Because the biggest gold bull market in modern history peaked amid a political landscape that is now similar to today’s.
Gold and Politics
The political balance of power in the United States has regularly tilted back-and-forth since the country was first founded 232 years ago. This state of constant change can not be said about gold prices.
Between 1792 and 1971, gold prices were set in the U.S. by the federal government at a fixed price. This fixed priced was changed only three times in the 179-year history of federal gold price fixing.

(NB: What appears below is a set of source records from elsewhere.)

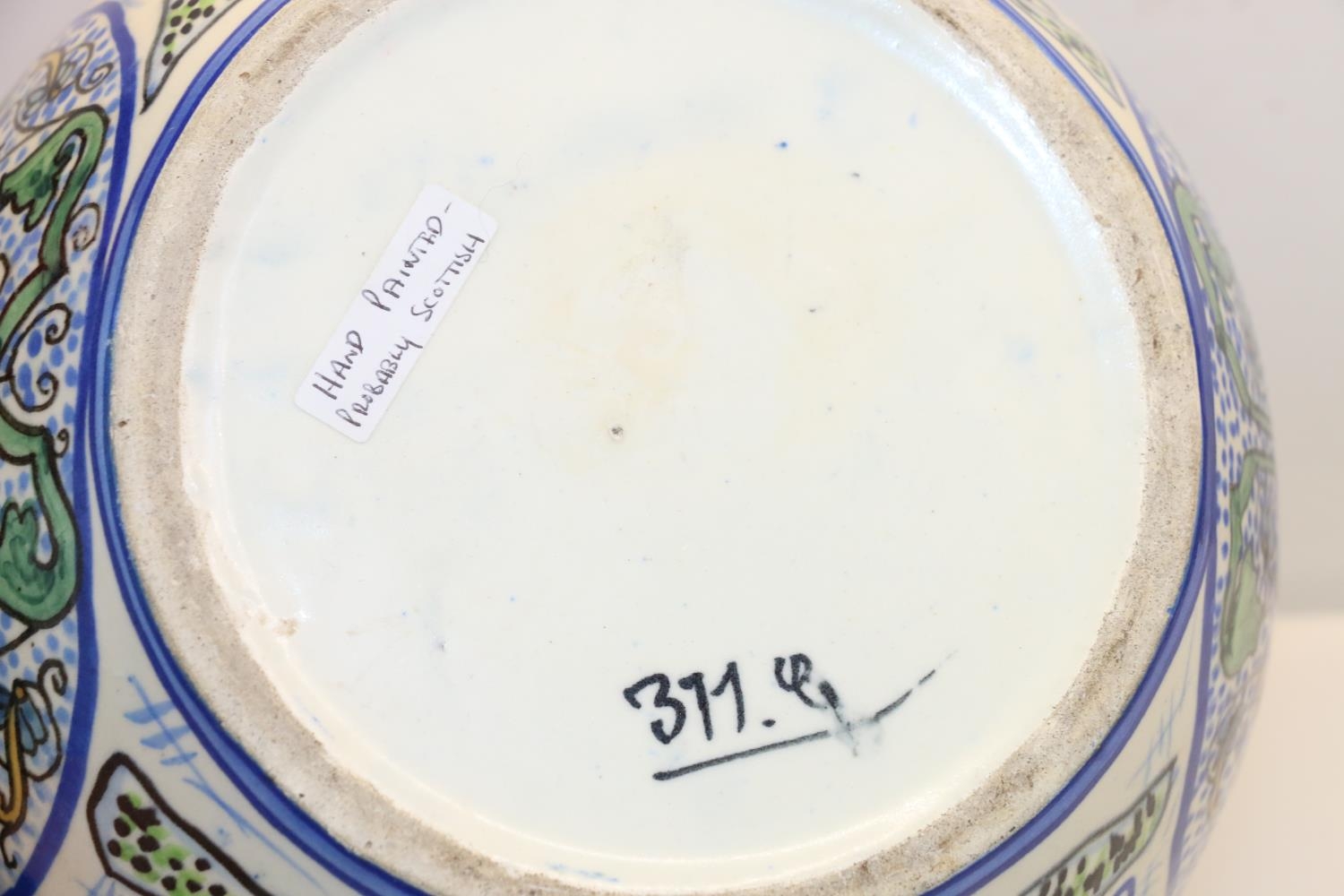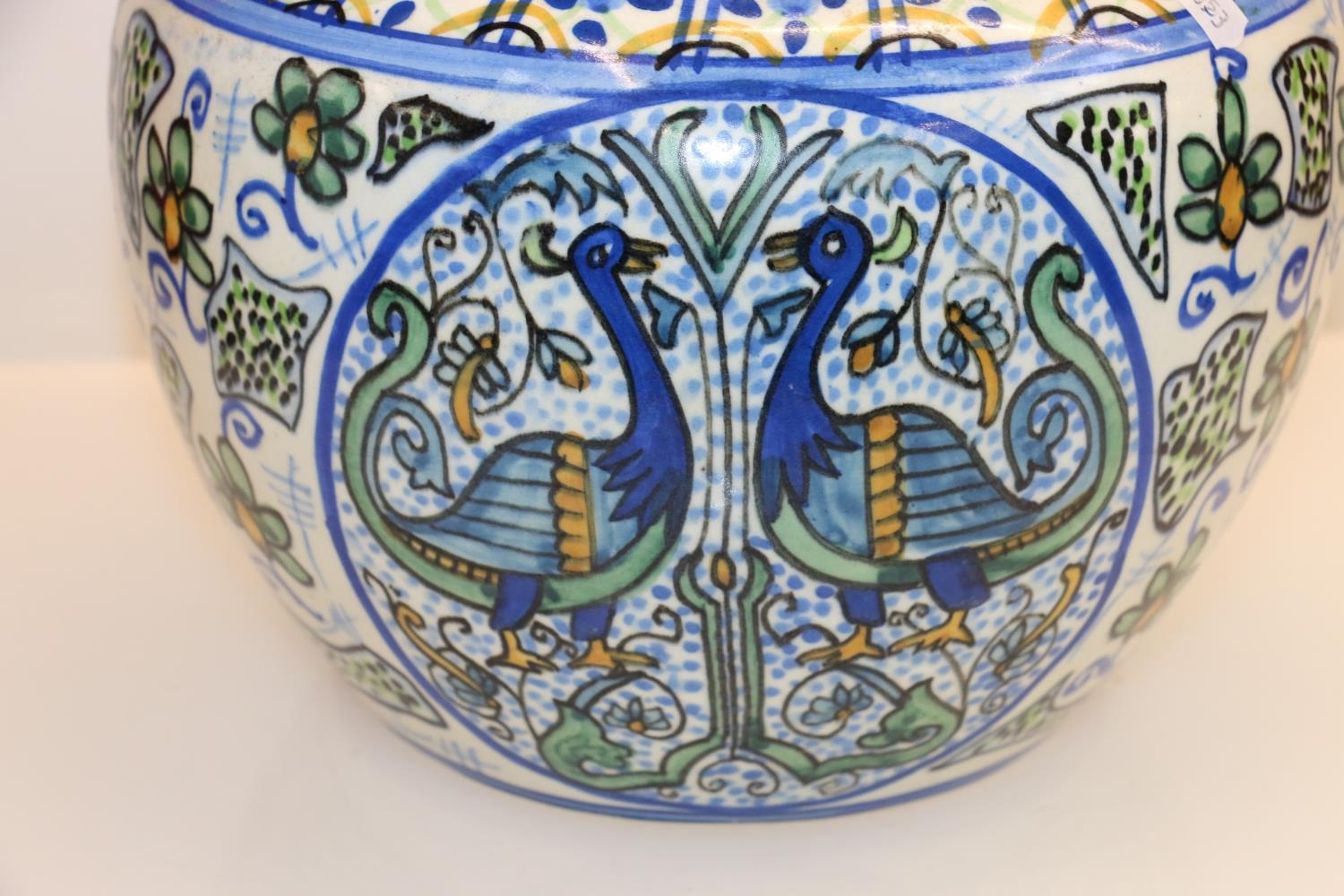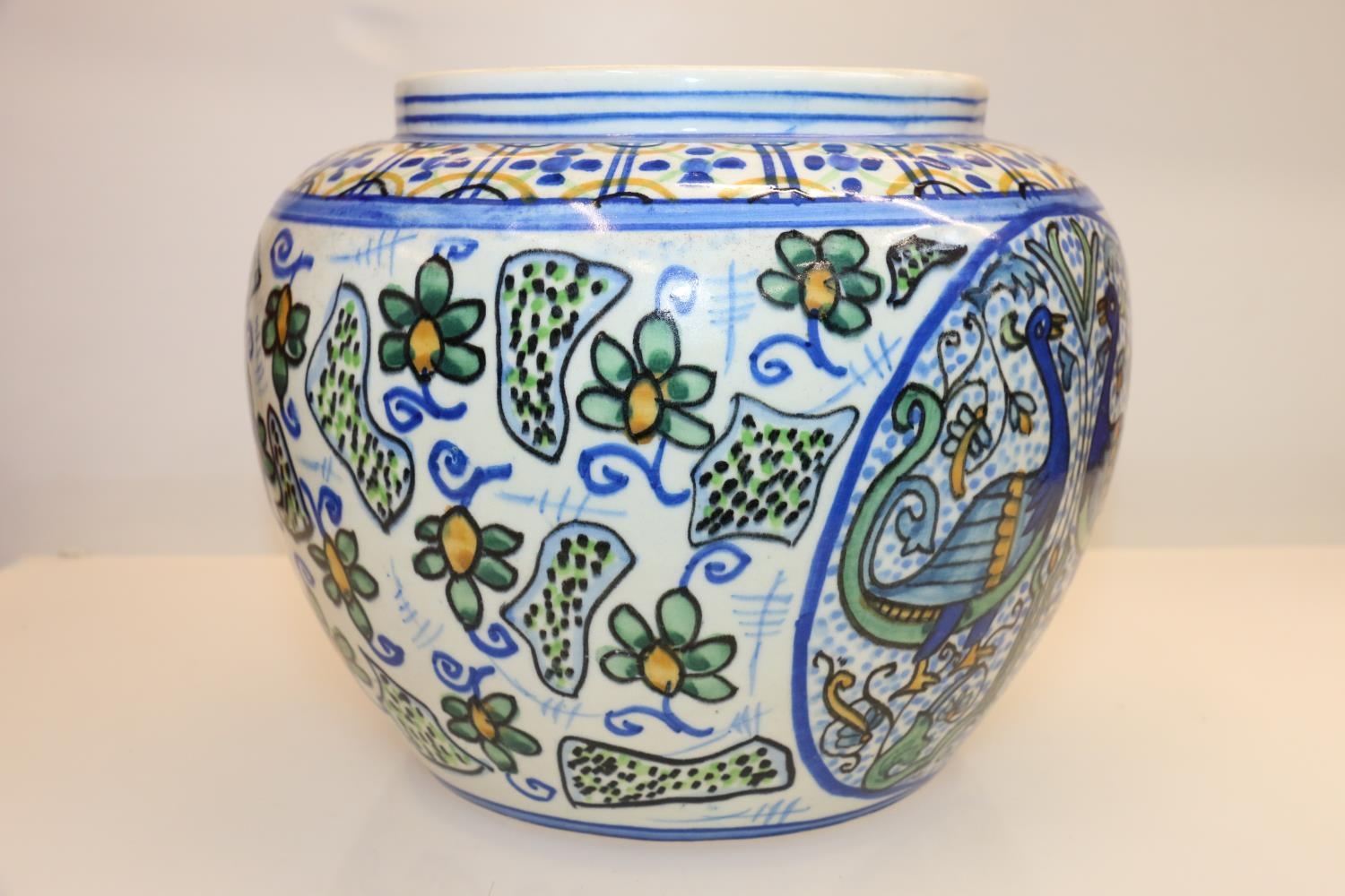 Scottish Pottery jardiniere or vase decorated with birds and flowers, 19cm.
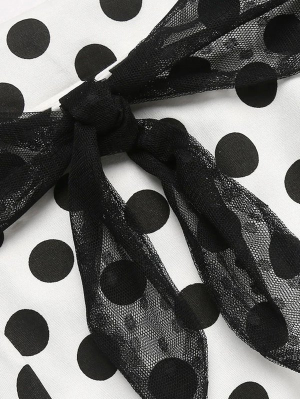 What makes this classic polka dot dress unique is the lace insert which forms elegant cap sleeves, as well as fashion a dangling tie in the front for a playful look. Just enjoy the eyes attracted by you!
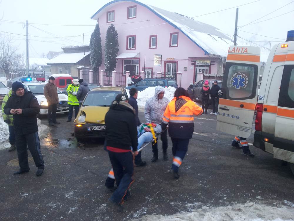 Doua persoane – mama si copil- au ajuns in aceasta dupa-amiaza la SPitalul Judetean de Urgente Bacau dupa ce taxiul in care se aflau a fost implicat intr-un accident la intersectia strazilor Vasile Parvan si Tudor Vladimirescu, din cartierul CFR.
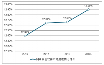 2016-2019年中國網絡安全軟件市場規模同比增長走勢
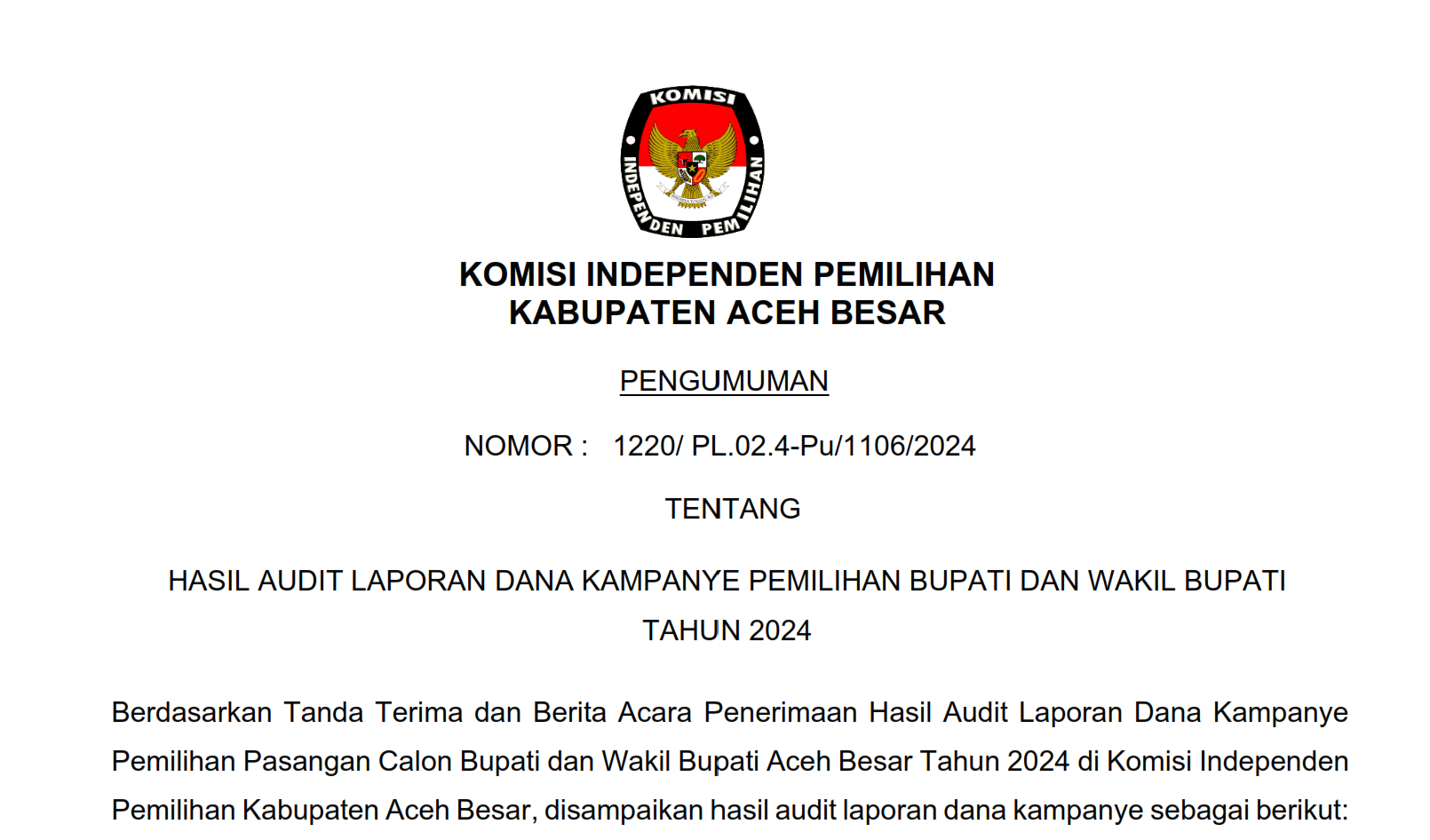 PENGUMUMAN TENTANG HASIL AUDIT LAPORAN DANA KAMPANYE PEMILIHAN BUPATI DAN WAKIL BUPATI TAHUN 2024
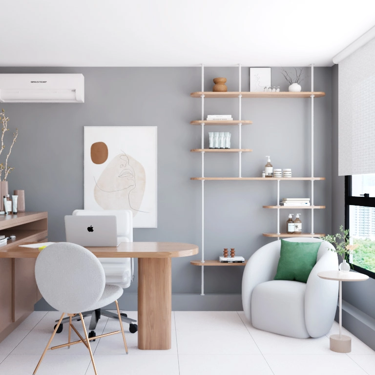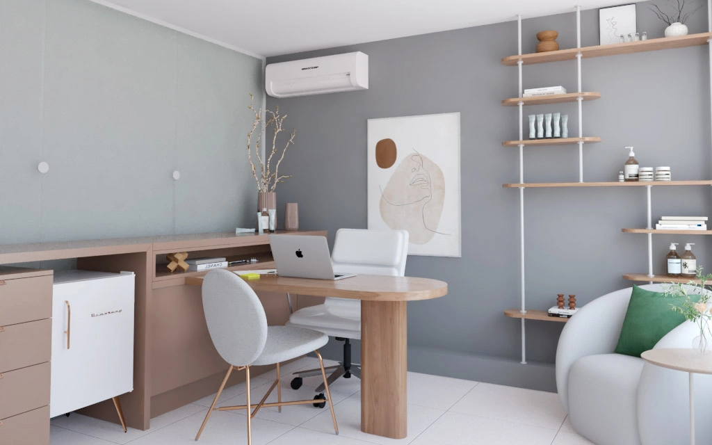 Cada elemento foi pensado para somar, sem excessos — criando um ambiente que traduz profissionalismo, conforto e sofisticação, mesmo em uma metragem reduzida.
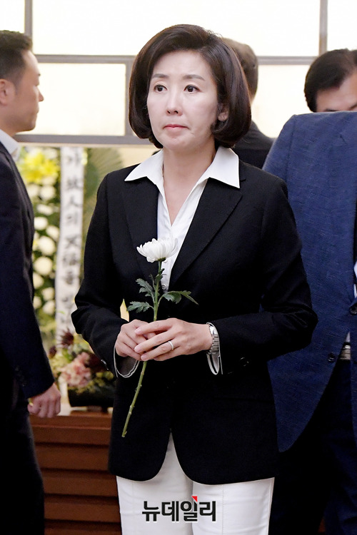 나경원 자유한국당 원내대표가 17일 오후 서울 서대문구 신촌세브란스병원에 차려진 故 정두언 전 의원의 빈소를 찾아 조문하고 있다.
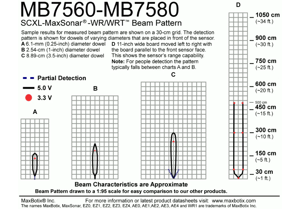 Ranges from 300mm to 5000mm with a 06Hz read rate Pulse-width, analog voltage, and RS232 serial Reports range to closest target.
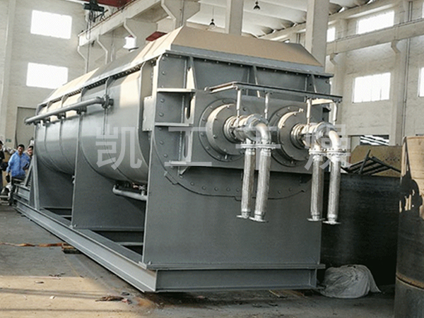 空心軸上密集排列著楔型中空漿葉,熱介質經空心軸流經漿葉。單位有效容積內傳熱面積很大,熱介質溫度從-40℃到320℃,可以是水蒸汽,也可以是液體型:如熱水、導熱油等。間接傳導加熱,沒有攜帶空氣帶走熱量,熱量均用來加熱物料。熱量損失僅為通過器體保溫層向環境的散熱。楔型漿葉傳熱面具有自清潔功能。物料顆粒與楔型面的相對運動產生洗刷作用,能夠洗刷掉楔型面上附著物料,使運轉中一直保持著清潔的傳熱面。漿葉干燥機的殼體為Ω型,殼體內一般安排二到四根空心攪拌軸。殼體有密封端蓋與上蓋,防止物料粉塵外泄而充分發揮作用。
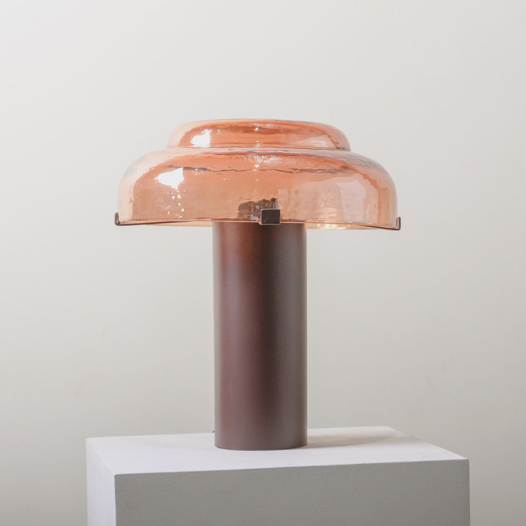 The Brunelle Lamp is a piece of quiet drama, where soft coral glass meets solid grounding. Its rippled glass shade evokes the movement of water or mist, diffusing light through shifting waves of colour. Resting on a cylindrical base in a rich, dark chocolate finish, its form feels considered and architectural - a balance of weight and lightness, opacity and glow. The base, with its deep tone anchors the piece, allowing the soft curves of the shade to shine. It's a lamp that brings depth to interiors, ideal for styling in a moody bedroom, a minimalist living room, or layered alongside stone, timber, or brushed metal for a rich material interplay. We brought Brunelle into the Tender Forms collection to introduce a darker, more grounded energy, to pair with our organic and metallic pieces, and to offer a sculptural silhouette with presence and soul.
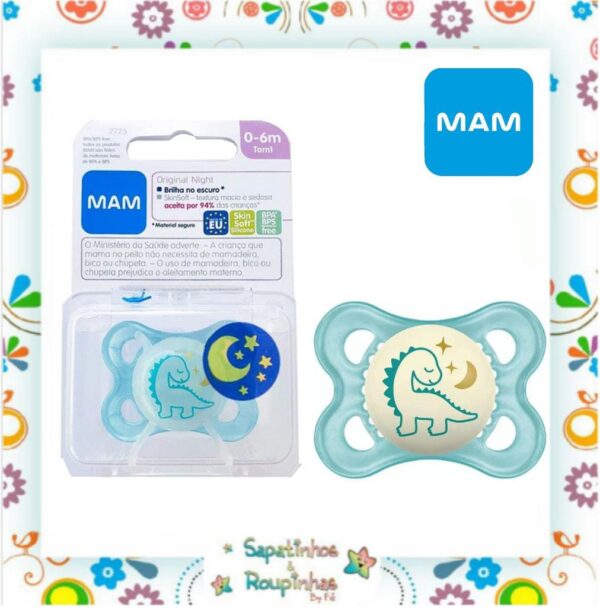 Clássica chupeta MAM, com design especial e atenção aos detalhes, a Chupeta MAM Original Night possui um botão que brilha no escuro, fácil de encontrar, material 100% seguro.
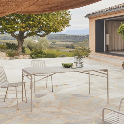 Rechthoekige tuintafel in crèmekleurig metaal voor 4/6 personen

On August 15, 1971, Richard Nixon unilaterally canceled the Bretton Woods system and stopped the direct convertibility of the United States dollar to gold. As a result, the U.S. dollar was decoupled from gold, and gold prices could fluctuate like any other commodity.
So the data is very limited when comparing the performance of gold prices as they relate to the political affiliation of the President of the United States. However, there are some striking similarities between the performance of gold prices during the great gold bull market of the 1970s and today’s gold bull market and how the Presidential political affiliation was and is tilted.
Take a look at the chart below. It shows the inflation-adjusted average annual price of gold as they relate to presidential political affiliations.
Republicans Richard Nixon and Gerald Ford controlled the US Presidential office during the first half of the great gold bull market of the 1970s. During this time gold prices increased a modest 217% as the value of the US dollar dropped and gold’s investment appeal heightened under their administrations.
During the first half of today’s gold bull market, Republican President George Bush has controlled the Oval Office. During this time gold prices have increased approximately 204% (to date) for the exact same reasons.
The similarities here are extraordinary to say the least.
The Final Peak of the Great Gold Bull Market of the 1970s
In the 1976 presidential election, Democratic Governor Jimmy Carter defeated Republican incumbent Gerald Ford with a campaign promising comprehensive government reorganization.
During Carter’s tenure as President, the great gold bull market of the 1970s peaked. Gold prices climbed as much as 526% in Carter’s first three years in office.
So, with a new democratic President will today’s gold bull market peak while Obama is in office?
Unfortunately, there’s no surefire way to tell. But if prices were to increase as much as they did while Carter was in office, gold could almost reach a whopping $5,000 an ounce.